Menulis Ekspresif, Cara Ampuh Keluar dari Depresi dan Cegah Bunuh Diri

Kompas.com - 13/10/2019, 17:00 WIB
Ahmad Naufal Dzulfaroh,
Resa Eka Ayu Sartika

Tim Redaksi

SOLO, KOMPAS.com - 10 Oktober selalu diperingati sebagai World Mental Health Day atau Hari Kesehatan Mental Sedunia. Tahun ini, Organisasi Kesehatan Dunia (WHO) menetapkan tema Focus on Suicide Prevention atau fokus pada pencegahan bunuh diri.

Tema ini dipilih WHO mengingat data menunjukkan bahwa setiap 40 detik ada aja orang yang tewas akibat bunuh diri. Peringatan ini digaungkan di seluruh dunia, tak terkecuali di Indonesia.

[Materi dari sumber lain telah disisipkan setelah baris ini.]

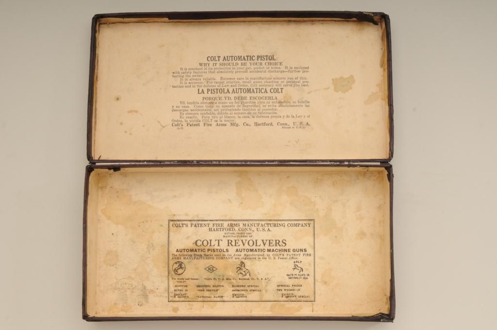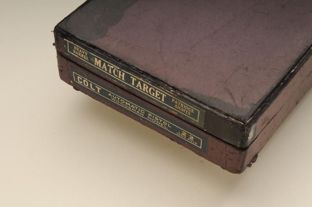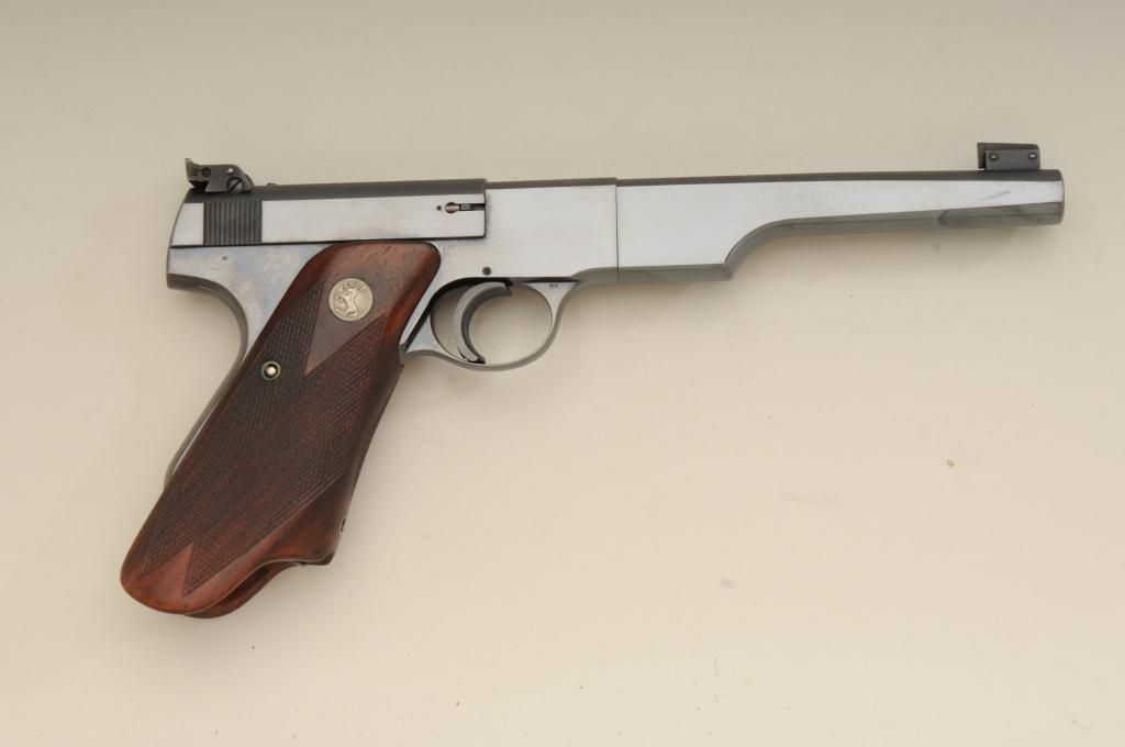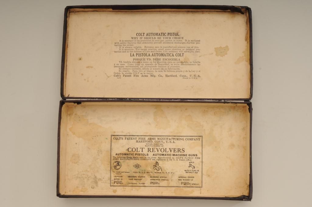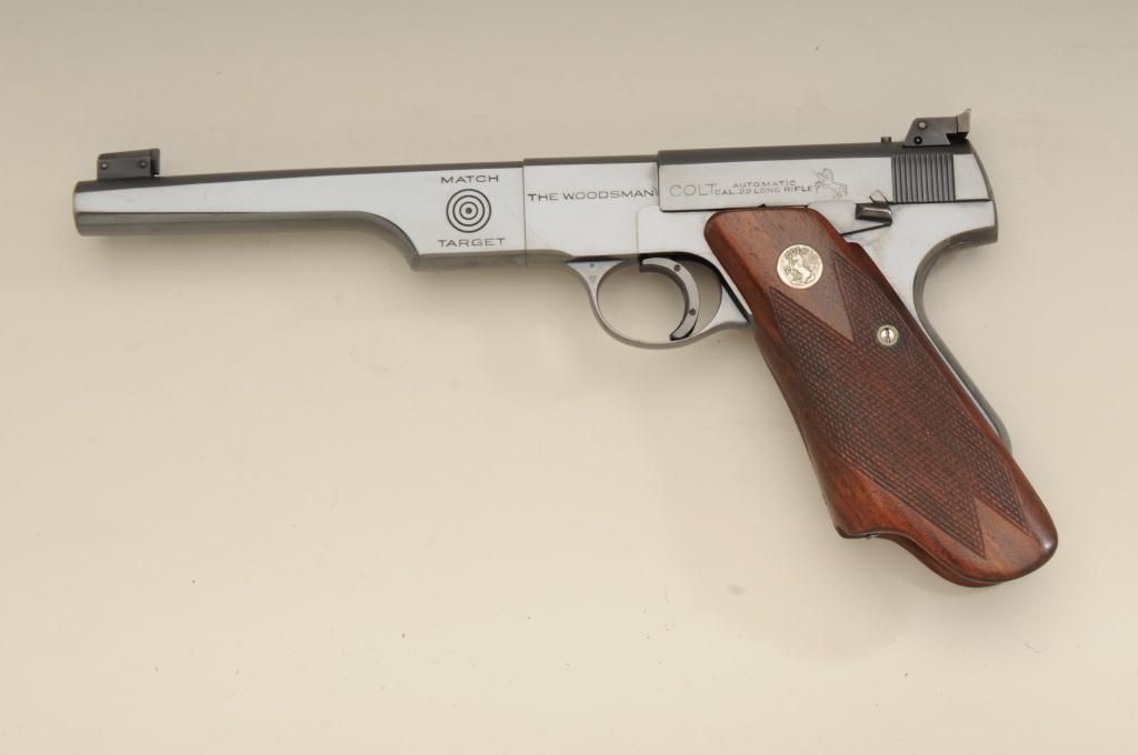 Colt Woodsman Match Target pre-war .22 caliber semi-automatic target pistol with blued finish and checkered “elephant ear” style Roper grips. This Colt retains 96% to 98% original blue with some thinning andslight losses at the edges. There a couple of minor scratches but generally near excellent over all. The grips show some slight handling and minor use also they are very near excellent. The interior shows somefiring but bore is excellent and a trigger shoe has been added but is easily removed by screws. A correct Match Target marked Colt clip is included. The pistol is contained within an original to the period cardboardbox with the instructions and cleaning Rod. The box is good with some repairs, slight tatters and both end labels but the serial number on the bottom of the box is MT5548 and does not match. From the collection of JoeKiser former president of Colt Collectors Association and one of the Western United States most renowned old-time collectors. Est.: $2000-$4000
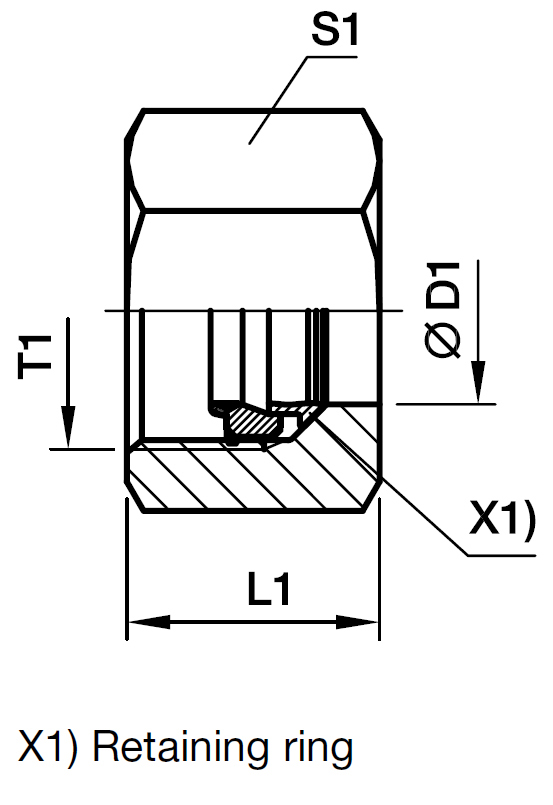 Parker Ermeto Functional Nut. Komplet sæt med omløber, Skæring/holdering (retaining ring), gummipakning (DOZ-ring).

Senada dengan semangat WHO tersebut, para milenial di Solo, tepatnya para mahasiswa Jurusan Psikologi Universitas Sebelas Maret (UNS) Surakarta menggelar sebuah acara bernama "Archetype 3.0" yang berlangsung pada 11-13 Oktober 2019.

Acara tahunan ini bertujuan untuk mengedukasi masyarakat tentang pentingnya kesehatan mental.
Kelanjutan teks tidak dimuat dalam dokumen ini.